Trimmed Means

Glad to see you're interested!


  The trimmed mean is computed just as an ordinary mean. . .except. . .first a pre-specified percentage of the extremes is omitted. Consider the 5% trimmed mean. The left-most (lowest) 5% and right-most (highest) 5% of the data are excluded; from the remaining observations the mean is found. So, the 10% most "extreme" data (5% on either side) is omitted before computing the mean.

For instance, consider the data set (N = 40) below

45.8 19.8 23.1 13.8 16.3 21.3 25.2 17.1 21.4 18.6
15.2 18.8 21.0 20.4 16.9 23.7 21.4 24.6 18.6 19.6
26.9 20.7 21.6 19.6 20.8 25.2 26.3 20.5 23.7 13.3
23.2 18.7 24.1 16.0 30.2 24.6 15.8 22.6 27.0 20.5

Here's a histogram.

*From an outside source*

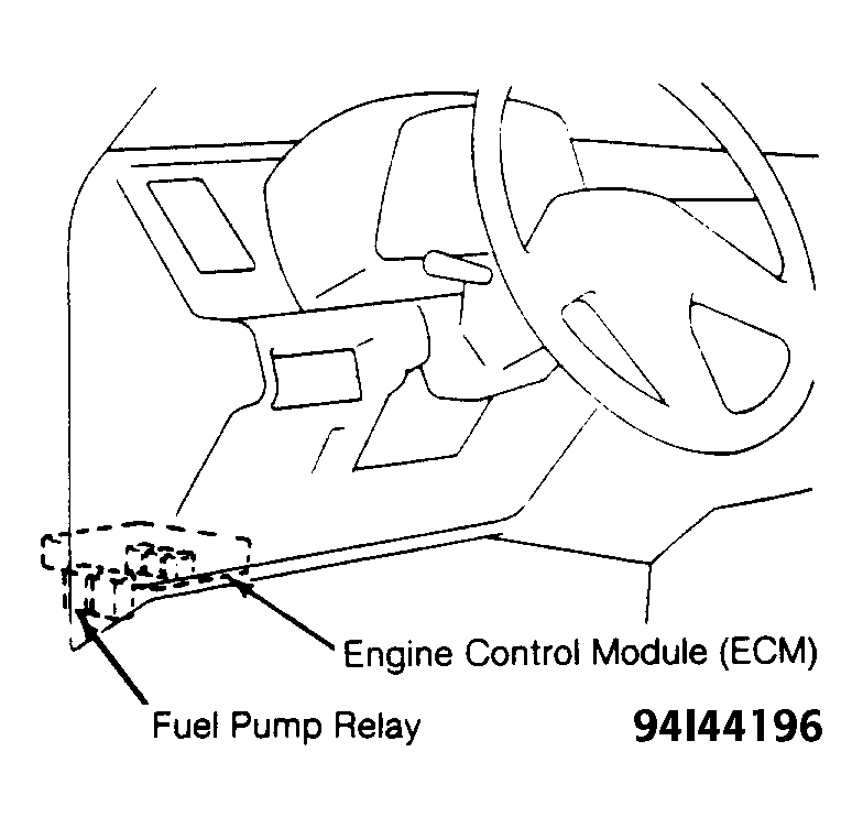 - Loosen fuel tank cap to release fuel tank pressure. Disconnect electrical connector from fuel pump relay. Fuel pump relay is mounted on ECM, located under left side of dash, near kick panel. See Fig 1 .

What's notable?


Sorting the data we have what's below

13.3 13.8 15.2 15.8 16.0 16.3 16.9 17.1 18.6 18.6
18.7 18.8 19.6 19.6 19.8 20.4 20.5 20.5 20.7 20.8
21.0 21.3 21.4 21.4 21.6 22.6 23.1 23.2 23.7 23.7
24.1 24.6 24.6 25.2 25.2 26.3 26.9 27.0 30.2 45.8

5% of 40 is 2. So, in computing the trimmed mean the two smallest and two largest 2 observations ignored.

          15.2 15.8 16.0 16.3 16.9 17.1 18.6 18.6
18.7 18.8 19.6 19.6 19.8 20.4 20.5 20.5 20.7 20.8
21.0 21.3 21.4 21.4 21.6 22.6 23.1 23.2 23.7 23.7
24.1 24.6 24.6 25.2 25.2 26.3 26.9 27.0

Now, compute the mean. The mean of the remaining 36 observations is 21.133. This is the trimmed mean. Contrast it with the mean, which is 21.598.

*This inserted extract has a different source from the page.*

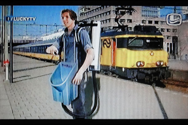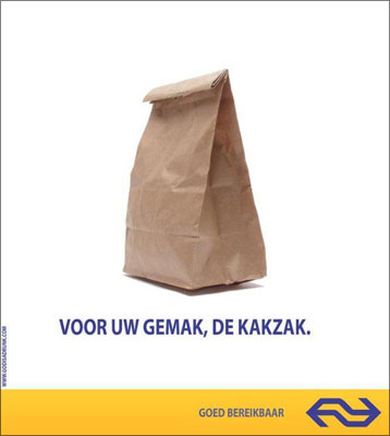 Na alle ophef in oktober 2011 kon ik er niet onderuit om aandacht te besteden aan de plaszak, de noodvoorziening die men aan de inventaris van wc-loze treinen wil toevoegen voor het geval reizigers urenlang in een gestrande trein opgesloten worden, in plaats van ze een paar honderd meter naar het dichtstbijzijnde station te laten lopen. Waar dan vaak ook geen toilet aanwezig is, of zo'n automatische cabine waar je alleen met een munt van 50 cent in kunt en die tussen twee bezoekers door vijf minuten bezig is, zodat je kunt uitrekenen hoe lang het duurt als tien mensen tegelijk naar de wc willen. Kortom de plaszak, waar natuurlijk ook variaties op zijn bedacht zoals de kakzak (www.godisadrunk.com) en het mobiele urinoir van ProRail (www.luckytv.nl). Je kunt de plaszak (TravelJohn) ook gewoon zelf kopen, dan ben je niet afhankelijk van treinpersoneel. Ongeveer 6 euro per drie stuks. |

The trimmed mean has the advantage of being relatively resistant to outliers. Unless there are more than 5% outlying values in a given direction, outliers will not be included in the computation of the trimmed mean. Here the trimmed mean is right in the center of the distribution (ignoring the outlier). The (untrimmed) mean is pulled a bit to the right by the extreme of 45.8.

There are other trimmed means. Pick any percentage P% and you can find the P% trimmed mean. In fact, the median is essentially the 50% trimmed mean. Think about it!